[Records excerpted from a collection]
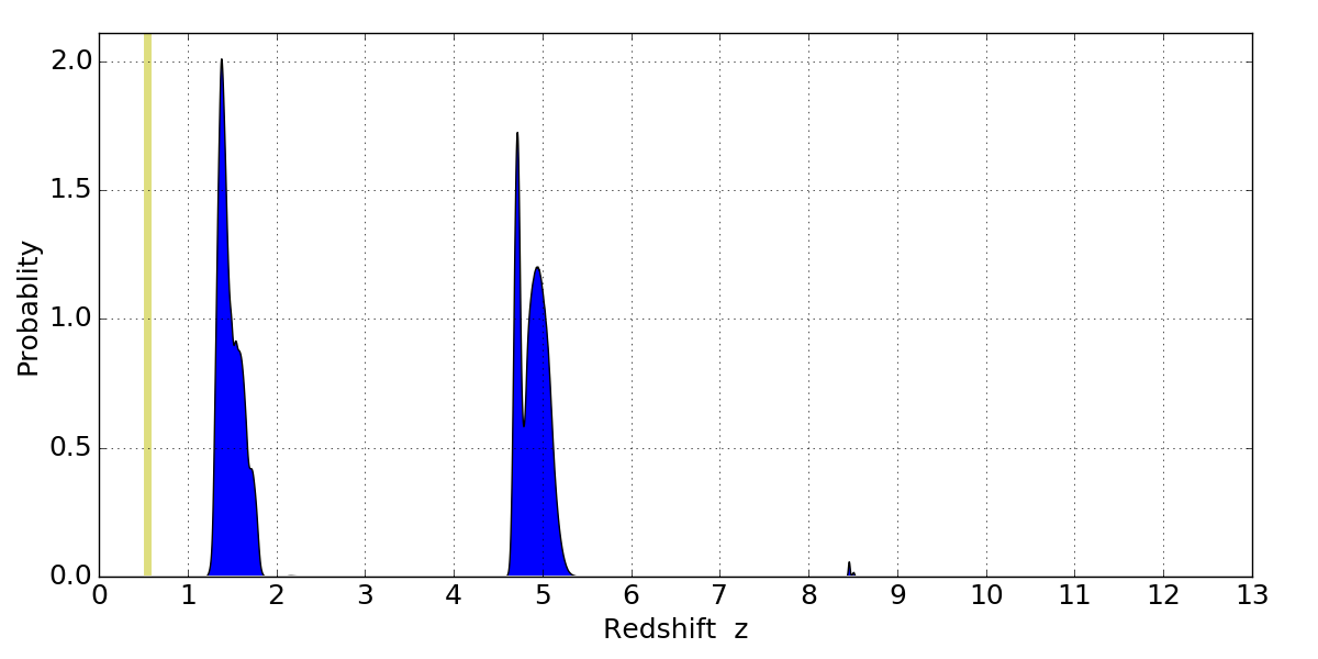 In P(z) plots: Yellow lines mark the cluster redshift z = 0.546,
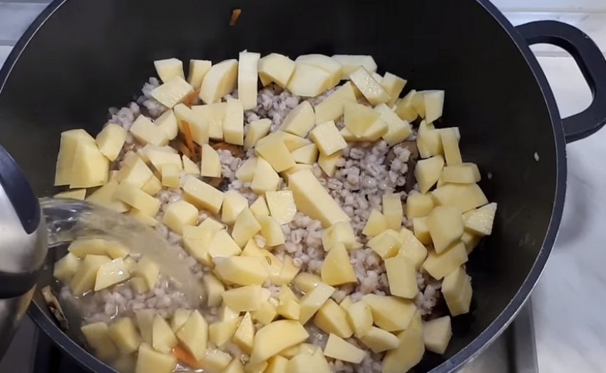 У підсмажені овочі додати перловку, картоплю і залити гарячою водою.![]()
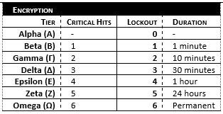 Tier and Lock: Encryptions are organized by tier, class, and lock. Higher the tier, the more difficult the encryption is to break. Higher the lock, the longer the lockout duration before another attempt can be made.
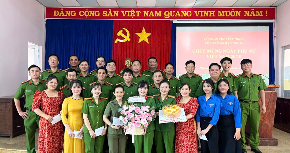 Hướng tới kỷ niệm 95 năm Ngày thành lập Hội Liên hiệp phụ nữ Việt Nam (20/10/1930 - 20/10/2025), sáng ngày 17/10/2025, Công an xã Hậu Nghĩa tổ chức gặp mặt chúc mừng Chi hội phụ nữ Công an xã. Thượng tá Trần Đình Hạnh - Bí thư Đảng ủy, Trưởng Công an xã, đồng chí Trung tá Nguyễn Thị Thanh Tuyền - Chi hội trưởng Chi hội phụ nữ, Phó Trưởng Công an xã cùng tập thể lãnh đạo, cán bộ, chiến sỹ Công an xã dự buổi gặp mặt.
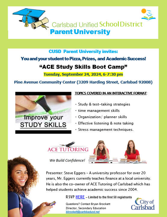 Does your student need assistance with homework or just need a morning check in before school? You are in luck! We have Learning Lab Monday-Thursday mornings from 7:45-8:15. Please see the flyer below for room numbers. If you have any questions about Learning Lab, please email Mrs. Rines srines@carlsbadusd.net .
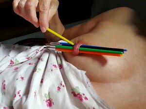 nippleringlover insertando cepillos en piercings estirados para pezones - tetas más grandes de bazookas perforadas - parte dos
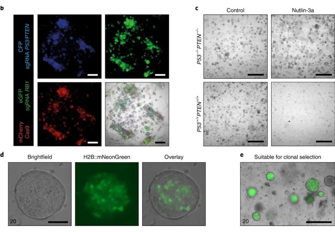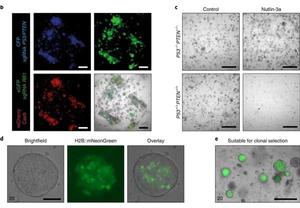 敲除P53/PTEN的正常乳腺组织类器官添加Nutlin-3a(10μM)处理7d将杀死所有表达野生型P53的细胞,并可用于选择P53敲除的类器官。而类器官选择和克隆培养,有助于优化小鼠原位类器官移植,无需手术即可移植类器官和雌激素颗粒,帮助治疗乳腺癌。
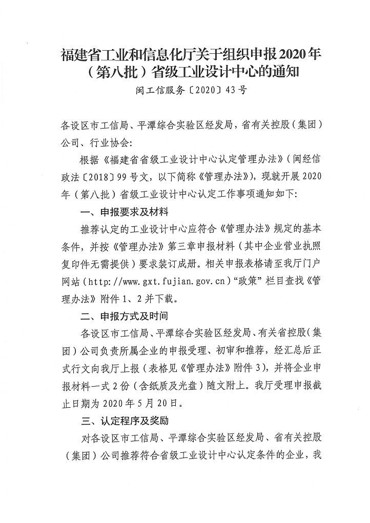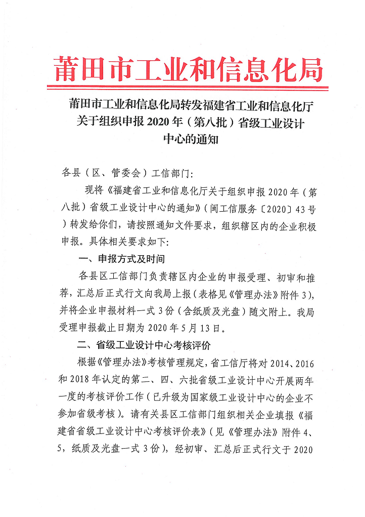 莆田市工信局转发福建省工信厅关于组织申报2020年省级工业设计中心的通知
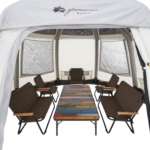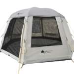 ドーム型スクリーンタープ「エアマジック オクタゴンドーム-BJ」は、 広々とした室内空間を実現しており、 チェアやテーブルを置けば大型リビングスペースとして快適に過ごせます。また天井のベンチレーションや壁面のメッシュ窓によりテント内の通気性も抜群。
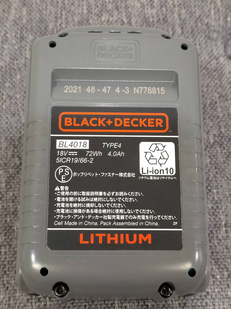 【佐川発送】BLACK+DECKER ブラックアンドデッカーリチウムイオンバッテリーBL4018 グレー
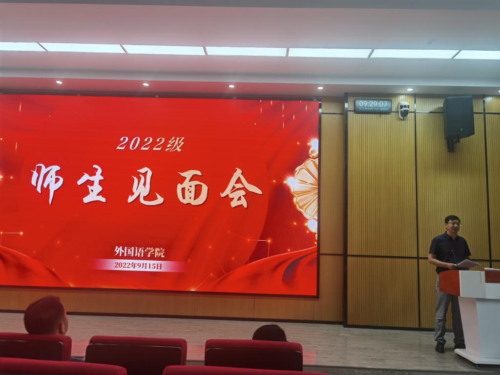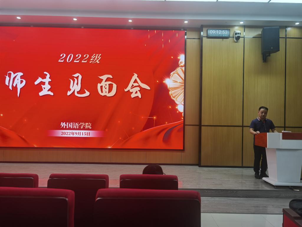 9月15日,外国语学院在公共教学楼1楼报告厅举行2022级新生见面会。外国语学院党委书记张乐民、院长余义兵、教师代表及2022级新生参加了此次会议。见面会由外国语学院副院长宋婷主持。
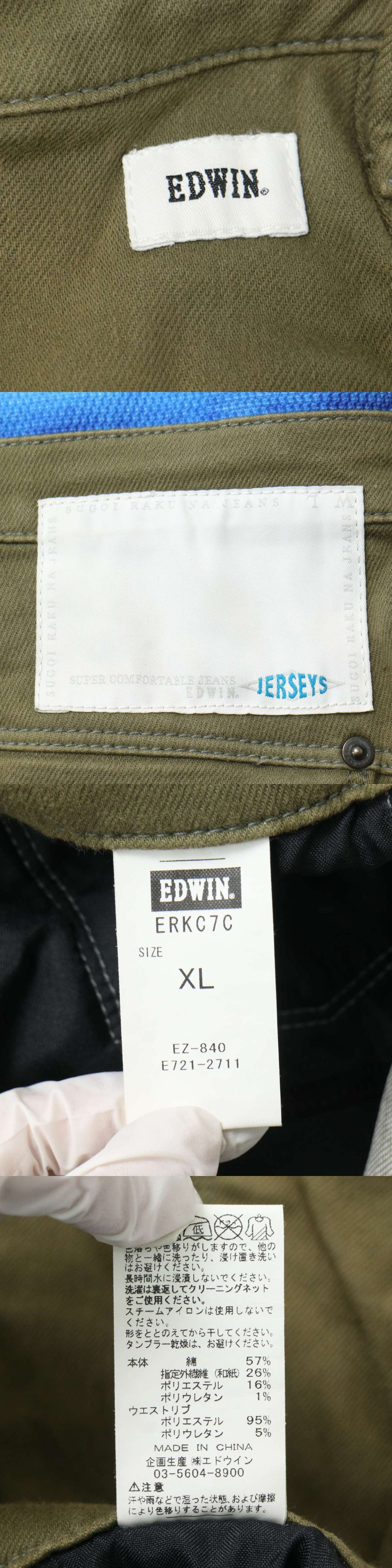 EDWIN エドウィン ERKC7C ジャージーズ★ 和紙混 イージー ストレッチ カーゴ パンツ Sz.XL メンズ 大きいサイズの画像10

■ **Instructions for the task**:
Set the entries down again exactly. Do not include the images.

■ **Final answer**:
 In P(z) plots: Yellow lines mark the cluster redshift z = 0.546,
 У підсмажені овочі додати перловку, картоплю і залити гарячою водою.![]()
 Tier and Lock: Encryptions are organized by tier, class, and lock. Higher the tier, the more difficult the encryption is to break. Higher the lock, the longer the lockout duration before another attempt can be made.
 Hướng tới kỷ niệm 95 năm Ngày thành lập Hội Liên hiệp phụ nữ Việt Nam (20/10/1930 - 20/10/2025), sáng ngày 17/10/2025, Công an xã Hậu Nghĩa tổ chức gặp mặt chúc mừng Chi hội phụ nữ Công an xã. Thượng tá Trần Đình Hạnh - Bí thư Đảng ủy, Trưởng Công an xã, đồng chí Trung tá Nguyễn Thị Thanh Tuyền - Chi hội trưởng Chi hội phụ nữ, Phó Trưởng Công an xã cùng tập thể lãnh đạo, cán bộ, chiến sỹ Công an xã dự buổi gặp mặt.
 Does your student need assistance with homework or just need a morning check in before school? You are in luck! We have Learning Lab Monday-Thursday mornings from 7:45-8:15. Please see the flyer below for room numbers. If you have any questions about Learning Lab, please email Mrs. Rines srines@carlsbadusd.net .
 nippleringlover insertando cepillos en piercings estirados para pezones - tetas más grandes de bazookas perforadas - parte dos
 敲除P53/PTEN的正常乳腺组织类器官添加Nutlin-3a(10μM)处理7d将杀死所有表达野生型P53的细胞,并可用于选择P53敲除的类器官。而类器官选择和克隆培养,有助于优化小鼠原位类器官移植,无需手术即可移植类器官和雌激素颗粒,帮助治疗乳腺癌。
 莆田市工信局转发福建省工信厅关于组织申报2020年省级工业设计中心的通知
 ドーム型スクリーンタープ「エアマジック オクタゴンドーム-BJ」は、 広々とした室内空間を実現しており、 チェアやテーブルを置けば大型リビングスペースとして快適に過ごせます。また天井のベンチレーションや壁面のメッシュ窓によりテント内の通気性も抜群。
 【佐川発送】BLACK+DECKER ブラックアンドデッカーリチウムイオンバッテリーBL4018 グレー
 9月15日,外国语学院在公共教学楼1楼报告厅举行2022级新生见面会。外国语学院党委书记张乐民、院长余义兵、教师代表及2022级新生参加了此次会议。见面会由外国语学院副院长宋婷主持。
 EDWIN エドウィン ERKC7C ジャージーズ★ 和紙混 イージー ストレッチ カーゴ パンツ Sz.XL メンズ 大きいサイズの画像10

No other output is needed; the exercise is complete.